LAWS(PVC)-1933-1-34

NABIN CHANDRA CHAKRAVARTY Vs. RAMESH CHANDRA CHAKRAVARTY

Decided On January 24, 1933
NABIN CHANDRA CHAKRAVARTY Appellant
V/S
RAMESH CHANDRA CHAKRAVARTY Respondents

JUDGEMENT

(1.) This appeal has arisen out of a suit which the plaintiffs instituted against the defendants for arrears of rent for ejectment and for mesne profits. On 17 Baisakh 1332 defendant's father sold some lands to the plaintiffs by a Kobala, and on the next day the 18 he took some of the lands so conveyed on a lease for one year by executing a kabuliyat. The period of the lease having expired, a notice to quit was served, and on the expiry of the period stated in it, the present suit was brought.
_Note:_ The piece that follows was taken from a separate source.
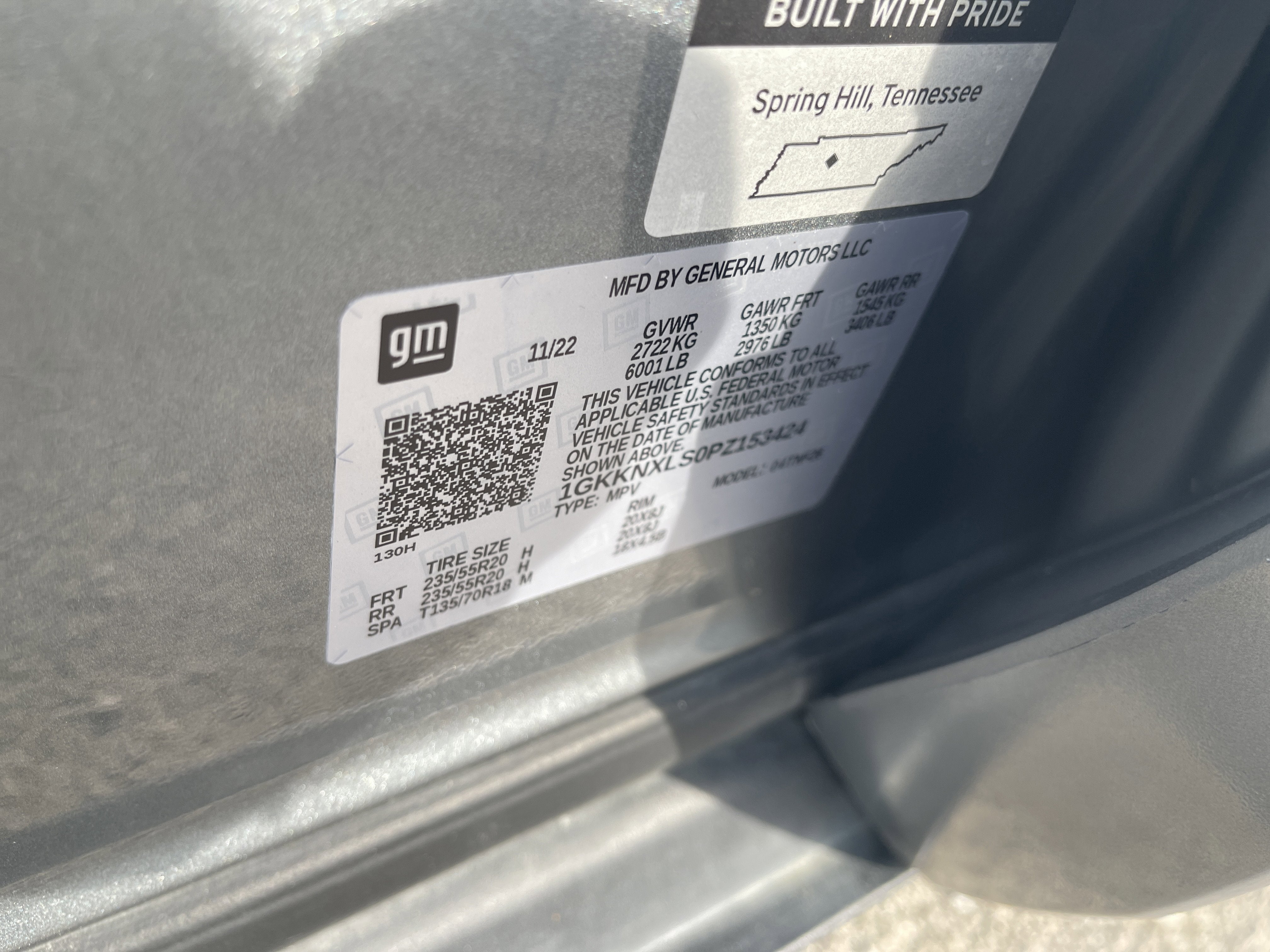 - Tires, P235/55R20 all-season, H-rated, blackwall

The defence was that the kobala and the kabuliyat were meant to constitute a mortgage by way of conditional sale, that it was understood that the lease would be for 5 years while it was fraudulently obtained as for one year, that a part of the rent had been paid up and that no notice was served.
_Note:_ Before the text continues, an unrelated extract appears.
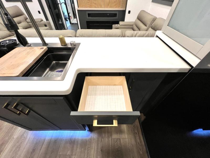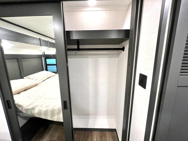 The outdoor enthusiasts have met their match with the XLR Nitro toy haulers by Forest River. The vacuum-bonded aluminum framed sidewalls, high gloss fiberglass exterior, and one-piece roof membrane are just a few durable construction materials you will find on these models. There is a weatherproof insulated ramp door, 5,000 lb. cargo tie-downs, a 40 gallon fuel station, and more convenient garage features that will make camping with toys easier than ever. You'll appreciate smooth towing thanks to the MORryde CRE3000 suspension enhancement and 16" Goodyear Endurance tires. A 200 watt roof-mounted solar panel, along with electric awning(s) with LED lights, undercarriage lighting, and friction hinge entry door(s). Some of the innovative technology features include a Winegard Air 360 antenna with WiFi prep and 4G LTE, convenient USB charging stations. You will also find diamond solid surface kitchen countertops, residential tile backsplash, hardwood cabinet doors, hardwood window trim package, and many more interior comforts.

(2.) The Munsif overruled all the defences and decreed the suit. The Subordinate Judge has reversed the Munsif's decision and dismissed the suit. He found that no fraud or trick such as was alleged on behalf of the defendants was proved. He preferred not to decide the question whether the deed of sale was really intended to be a mortgage, because he thought that the suit might be disposed of on the question of notice and so he left the former question open. On the question of notice he found that it was served, but he held that it was insufficient. His reason for this view was that the notice was dated 26 Aswin 1333 (served on 15 October 1927) and was a notice to vacate by the last day of Chait 1334 whereas the year of the tenancy would expire on 18 Baisakh 1335. He held that such a notice was bad. The Subordinate Judge has in one place of his judgment referred to Section 106, T.P. Act, in support of his view that the defendants on the expiry of their lease held over and so came to hold on a tenancy from year to year, and that such a tenancy, by reason of holding over, could be terminated by six months notice expiring with the end of a year of the tenancy.
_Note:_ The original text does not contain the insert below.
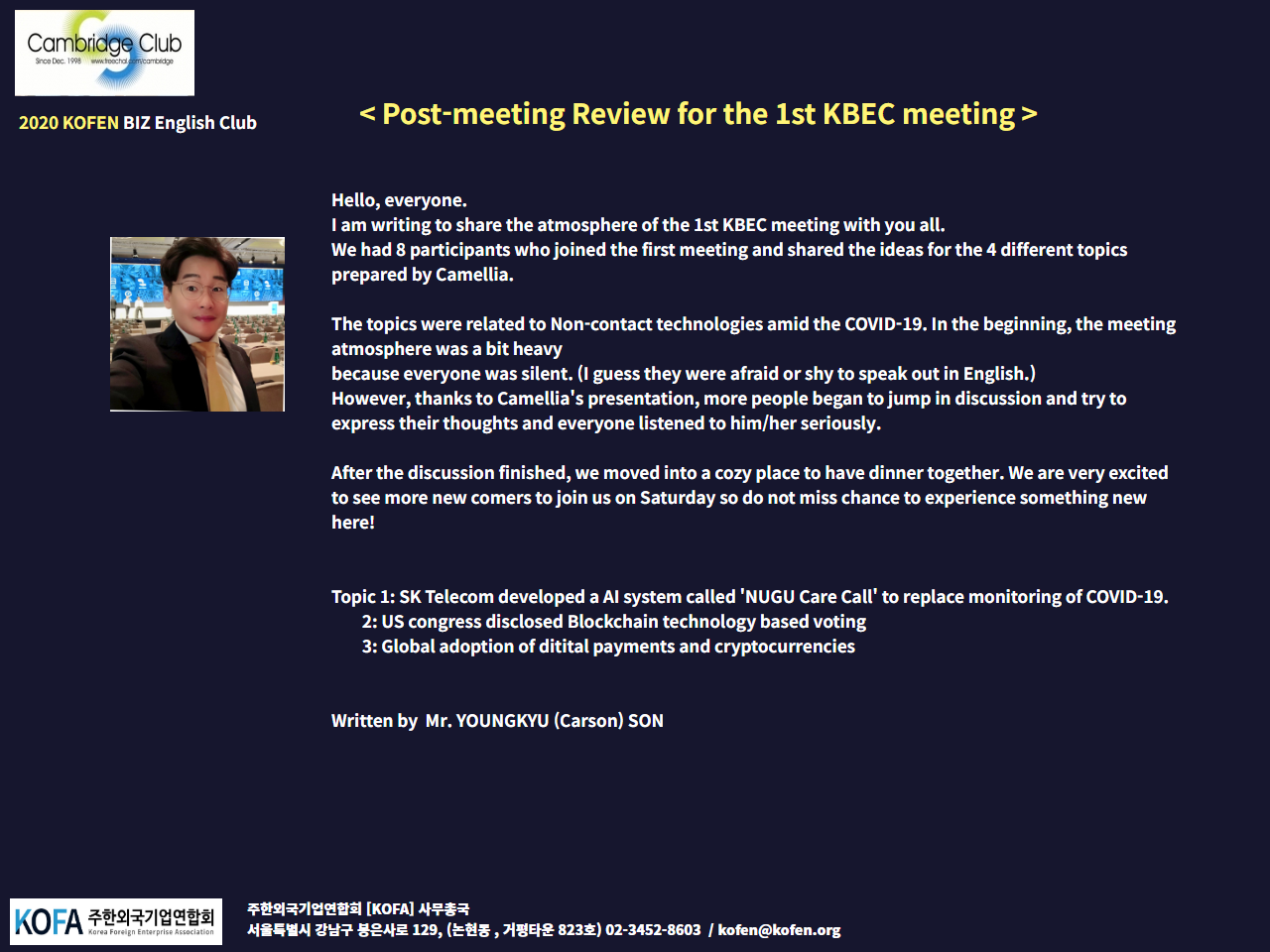 I am writing to share the atmosphere of the 1st KBEC meeting with you all.

(3.) It is conceded now that there are no notifications issued under Section 117, T.P. Act, making the provisions of Ch. 6 of that Act applicable to Sylhet, This tenancy has been found to be an agricultural tenancy. The Bengal Tenancy Act, admittedly does not apply. It is the Act 8 of 1869 by which the tenancy is governed. In the latest case under this Act, Ratneswar Das v. Kamal Deb Adhikari AIR 1921 Cal 126, it has been held that the notice must be reasonable but need not purport to determine the tenancy at the end of the year. I have not been able to find any decision prior to that in the case of Jugat Chandra Roy V/s. Rup Chand Chango (1883) 9 Cal 48 in which a notice expiring otherwise than at the end of the year was held to be valid. Two cases are referred to in decision aforesaid, Rajendra Nath V/s. Bassidur Rahman (1876) 2 Cal 146 and Janoo Mandar V/s. Brijo Singh (1874) 22 WR 548, in both of which however the notices were such as did expire at the end of the year, but they were relied upon in that case in support of the negative proposition that they did not, in fact, lay down that expiry with the end of the year was a sine qua non but proceeded on other grounds. I may state here that the former of these decisions was the decision of a Full Bench which no doubt dealt with a different point but the order of reference proceeded upon the assumption that the notice to be valid must expire at the end of the year. In fact Markby, J., in the order of reference expressly said so, observing: It is I think clear upon the authorities that he could not have been ejected without reasonable notice expiring with the end of the year.